Fairly stable aggressive conditions generate this type of attack. Low (< 7) pH combined with either carbon dioxide or oxygen can produce this attack on copper. A blue or bluish-green color can appear on the tubes as a result of a carbon dioxide attack on the surface of a copper tube. Various chemicals such as acid also create this type of metal loss.

The solution: Choose a material with adequate corrosion resistance for the environment and use proper treatment chemicals to maximize heat exchanger life. It’s important to keep in mind the various factors working in combination. Most material/chemical compatibility charts don’t account for this, so you many need to consult a metallurgist.

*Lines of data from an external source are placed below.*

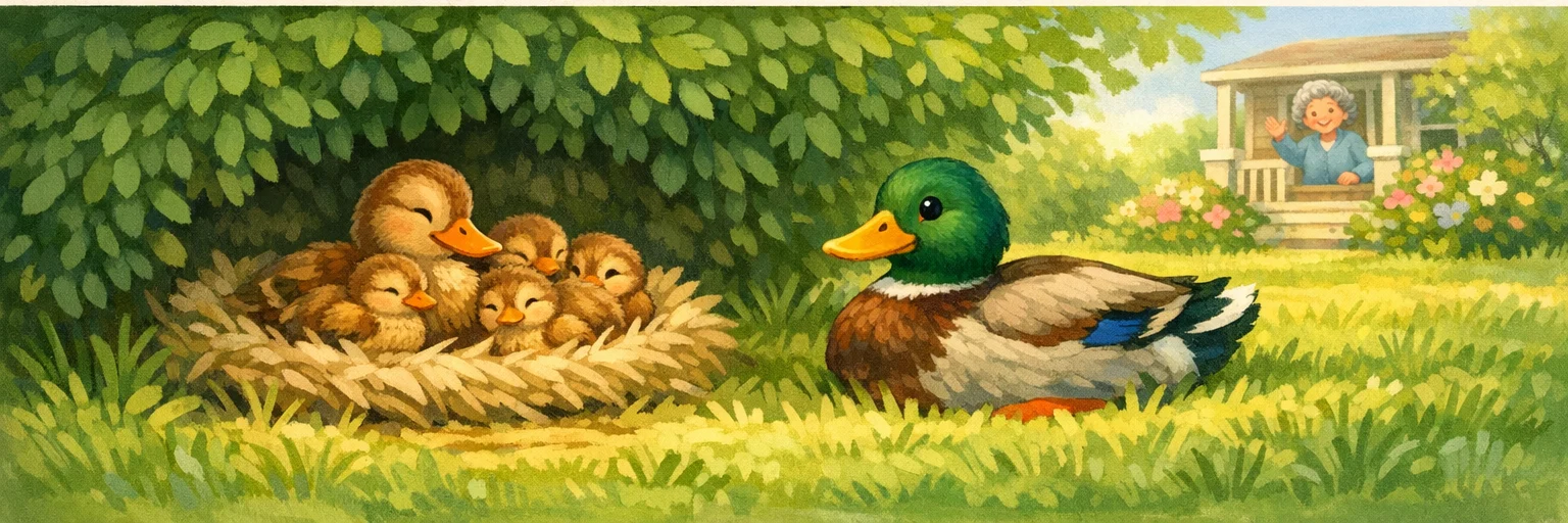 The ducklings chirped and played. They waddled under the bush, bumping into soft leaves. Daisy smiled. Henry quacked softly to keep everyone together.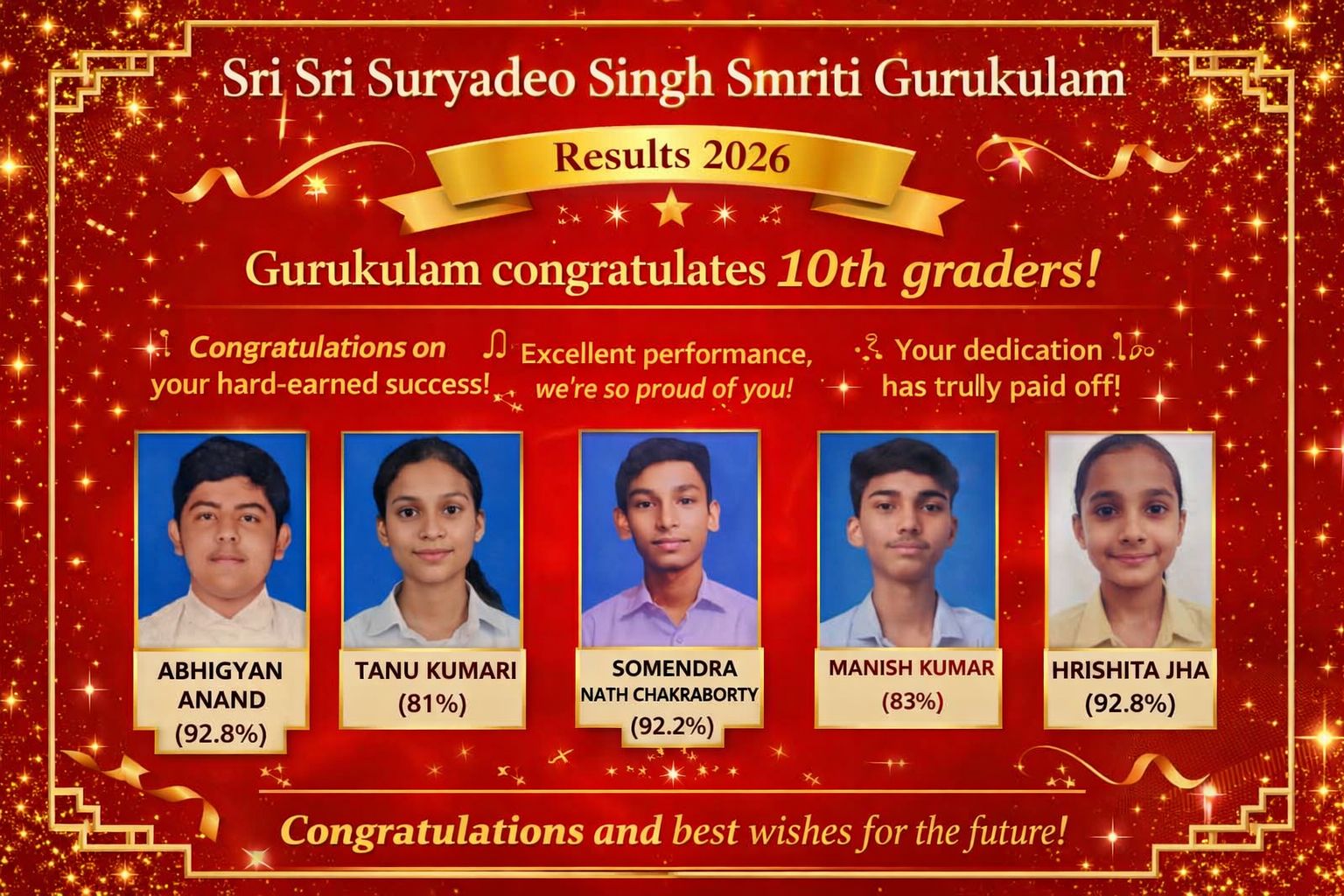 The name of our Gurukulam Sri Sri Surya Deo Singh Smriti Gurukulam is named in the sweet memory of Sri S.D. Singh , an eminent leader who struggled for the cause of poor works and made a history.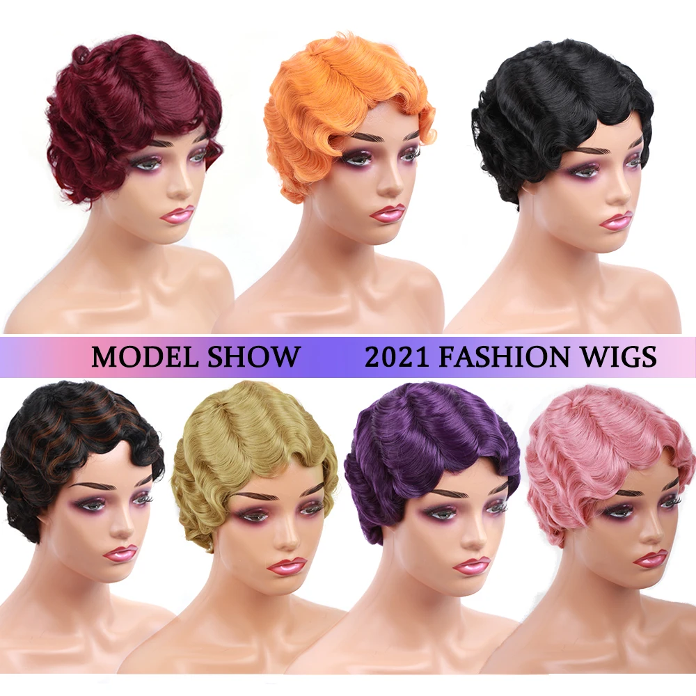 Синтетический волнистый парик Amir с короткими пальцами, красные, Боб, мамочки, парики для чернокожих женщин, парики с кудрявыми отрезами, блонд, парик для косплея, черный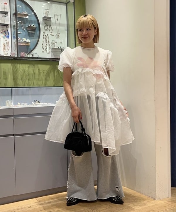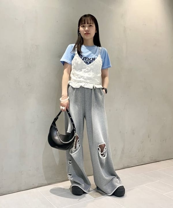 ポイント: エッジが効いたパンツなので、コンパクトなアイテムやレース素材と合わせたトレンド感のあるスタイリングがおすすめ!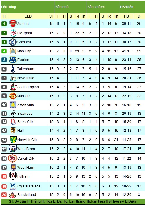 Bảng xếp hạng Ngoại hạng Anh sau vòng 15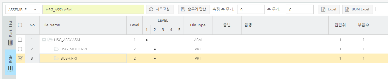 PART LIST, BOM 프로그램에서 단순화 표현을 선택 합니다"HSG_ASSY.asm" 파일만 표시 됩니다.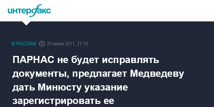 ПАРНАС не будет исправлять документы, предлагает Медведеву дать Минюсту указание зарегистрировать ее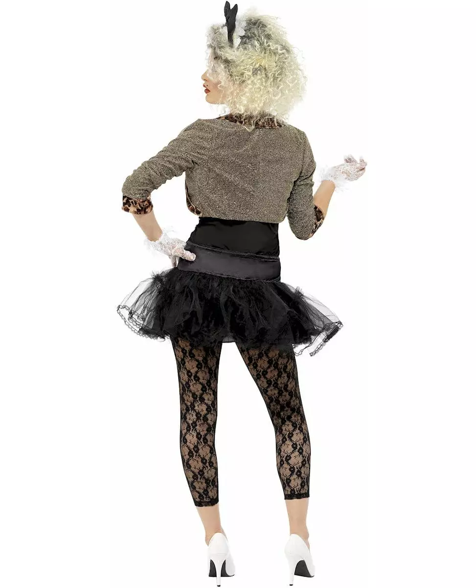 Be old school! This 80s costume for women consists of a jacket, a top, a tutu, a headdress, gloves and tights. (Shoes, wig and pendant not included). One size 40-42. This 80s costume is perfect for embodying your idols during your costume parties. Accessories included: Top Jacket Tutu Headdress Gloves Tights Material: 100% Polyester Care: Hand wash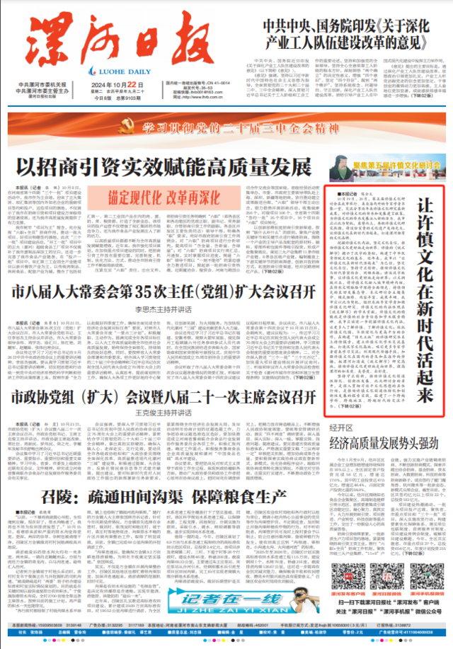 10月19日、20日,第五届许慎文化研讨会在我市举行。来自海内外的专家学者齐聚一堂,交流分享近年来许慎文化研究最新成果,对许慎文化的传承和发展建言献策,为许慎文化的传承发展注入新的活力。我市应以此为契机,乘势而上,再掀许慎文化研究热潮,将这份宝贵的文化遗产发扬光大,让许慎文化在新时代活起来,打造漯河独有的文化品牌。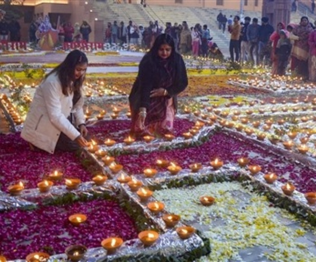 कृष्ण नगरी मथुरा में राम मंदिर के प्राण प्रतिष्ठा समारोह के बाद दीए जलाए गए।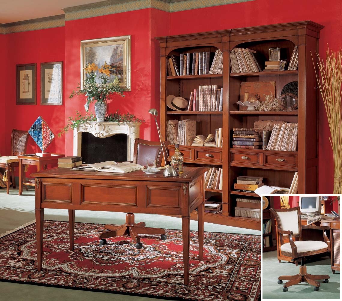 Headsets for office "direttorio" style from the Italian manufacturer Arve Style. This set includes: writing Desk on high legs, bookcase, chair of the working, in the skin, on a rotating yoke, the chair in the padding of straw. Frame, base, the table top is made of solid wood. Finished with veneer to choose from - walnut and cherry. Set in a classic style that will fill the Cabinet taste and style.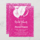 Ein warmes rosa Hintergrund. Dekoriert mit rosa Konfetti und weißen Ballons. Weißer Text. Personalisieren und fügen Sie einen Namen und Party-Details hinzu. 1 Blatt = 1 Einladung mit Druckkante bis Kante.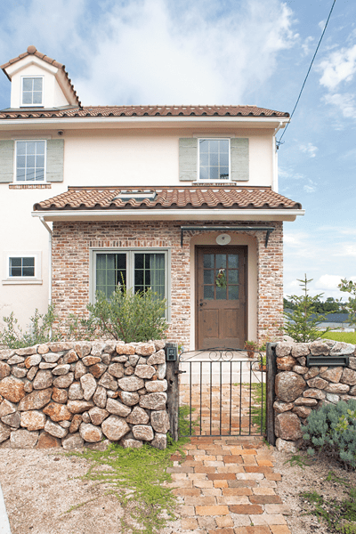 ランダムな石の味を生かした石積みの塀、レンガの壁、アプローチに敷いたアンティークレンガ。フランスのバラの村、ジェルブロワをイメージした外まわりです。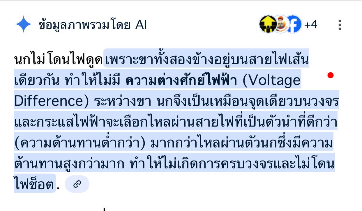 ส่วนตัวไม่เคยเห็นแหละว่า คนจะขึ้นไปยืนบนสายไฟเพียงเส้นเดียวเหมือนกับนก คำถามคือว่า > ถ้าเป็นคนยืนบนสายไฟเส้นเดียวเหมือนนก ผลที่ได้จะออกมาเหมือนนกไหมครับ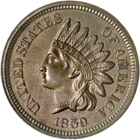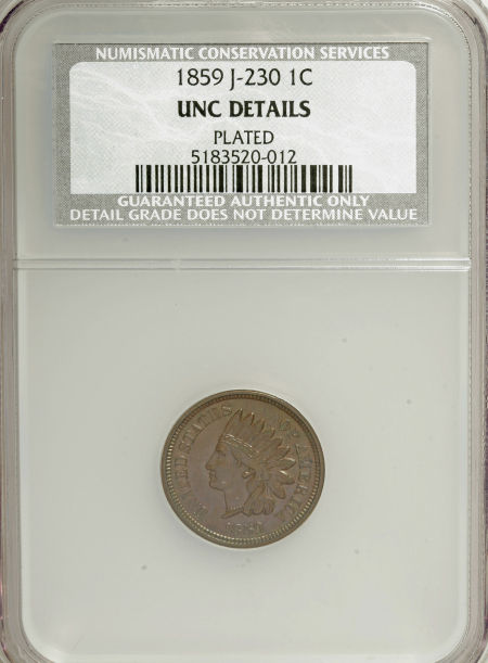 1859 DT1C Indian Cent, Judd-230, Pollock-274, High R.7--Plated--NCS. Unc. Details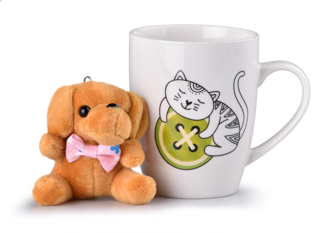 Hrnček keramika 360 ml mačka s plyšákom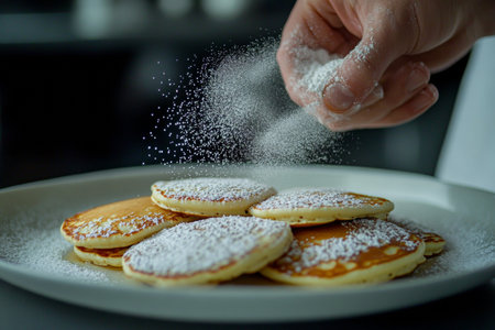 A chef is expertly dusting powdered sugar over a fluffy stack of pancakes on a white plate. The kitchen setting provides a warm ambiance, highlighting the delicious breakfast treat.

Pitting corrosion. Localized pitting frequently occurs in both ferrous and nonferrous metals. It results from the electrochemical potential set up by differences in oxygen concentration within and outside of the pit; this often is referred to as a concentration cell. The oxygen-starved pit acts as an anode while the unprotected metal surface serves as a cathode. You only may see a small number of pits — however, any one can cause a heat exchanger failure.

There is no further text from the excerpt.